Ryan Forum Will Preview Poverty Agenda

By Alan K. Ota, CQ-Roll Call (TNS)

WASHINGTON — House Speaker Paul D. Ryan of Wisconsin is opening the door to new initiatives aimed at helping low-income families as he prepares to discuss poverty in a forum showcasing GOP presidential candidates in Columbia, S.C., on Saturday.

The top Republican plans to make the case — with seven GOP presidential aspirants — for a conservative approach to shrinking poverty’s footprint. Both parties have shown a willingness to develop bipartisan initiatives to help 46.7 million Americans living in poverty, even as they vie on the campaign trial over competing economic plans and ideologies.

Robert Doar, a fellow in poverty studies at the American Enterprise Institute, predicted participants would “show the GOP has more to offer than tax cuts and greater growth.”  AEI is one of the sponsors of the gathering.

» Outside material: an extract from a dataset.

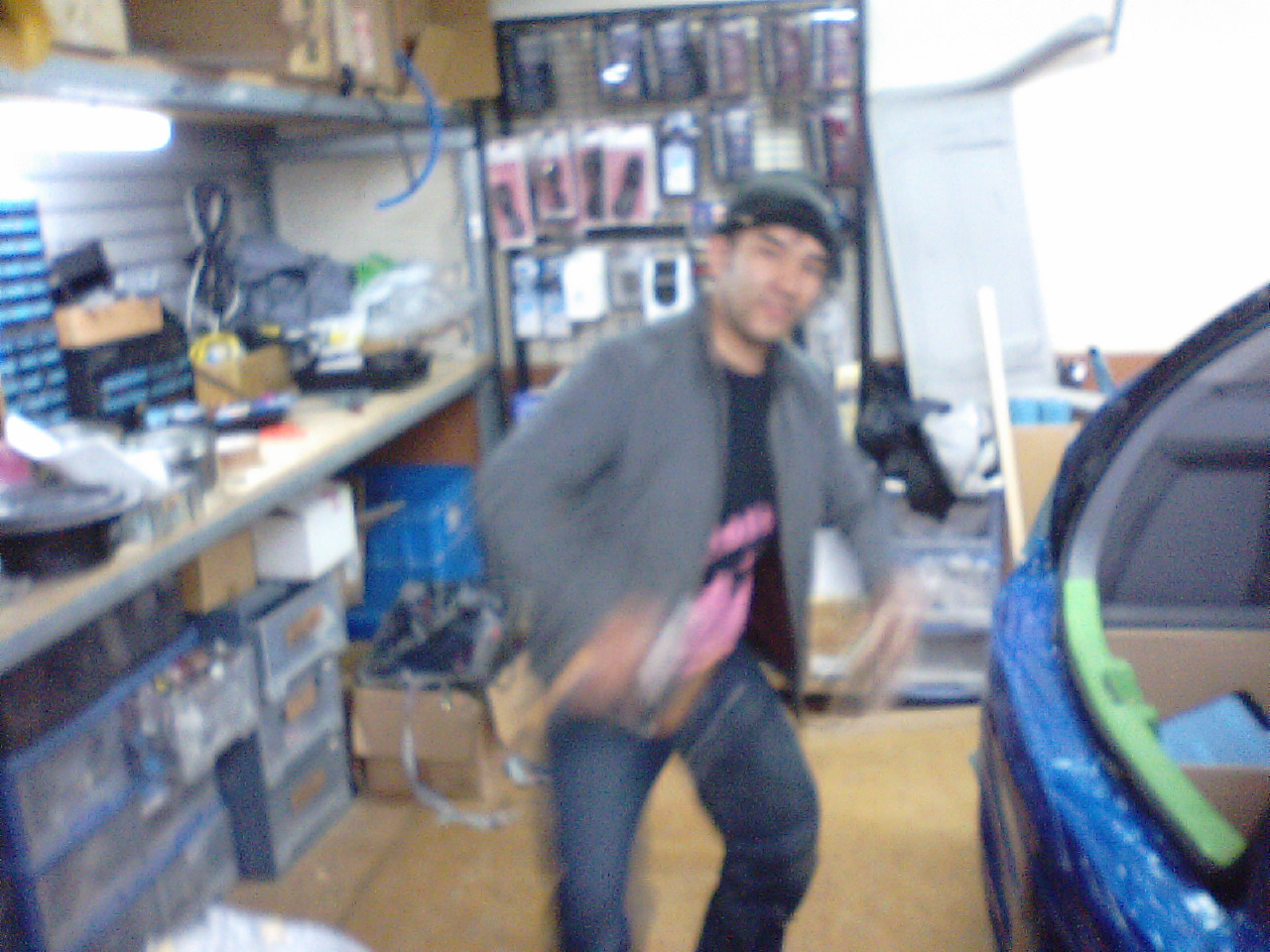 ピットでアクリルを磨いていると、イニシャルDが入ってきて、「むらっさん、お客さんっす。ともや・・・ともや・・・ともやってむらっさん??」まさか和歌山からだれかきたな~と思いながら外に出てみると、和歌山の夜の帝王 きりも○さんじゃないですか! いきなりの来店にふいをつかれましたが「冷やかしに来た」「この車200万やったら買うわ」「仕事してる振りして奥の方でさぼってたんやろ」など言い残して息子さんとラジ天へ行っちゃいました。数年前にトヨタの海外モデル セコイアにオーディオを取り付けさせていただきました。でもいまはお金持ちをアピールせずにキューブに乗っています。 今度和歌山に帰ったらつもっちと一緒に飲みにつれって下さい!勝手に楽しみにしています。

Ryan plans to join Sen. Tim Scott, R-S.C., to moderate three panels of presidential candidates and to outline his own thoughts in a speech and panel discussion. The event sponsored by the Jack Kemp Foundation could serve as a bellwether of prospects for items that could move as stand-alone bills or as add-ons to broader legislation such as a possible international tax overhaul.

Scott said in an interview there would be openings to move modest proposals aimed at promoting private and charter schools and helping the jobless, including his own plan (S 574) to create a $1,000 business tax credit for employers that hire an apprentice younger than 25 years old.

“We hope that we will see more traction for apprenticeship programs and school choice opportunities,” Scott said.  He said other bigger items such as proposals to broaden eligibility for the earned income tax credit for childless workers likely would be an issue “in 2017 for the next Congress.”

Robert Greenstein, president of the liberal Center for Budget and Policy Priorities, said he hoped Ryan and President Barack Obama could work out differences on proposals to broaden eligibility for the earned income tax credit, or EITC, to low-income workers without minor children but called it “rather doubtful because it’s hard to see the vehicle on which it would move.”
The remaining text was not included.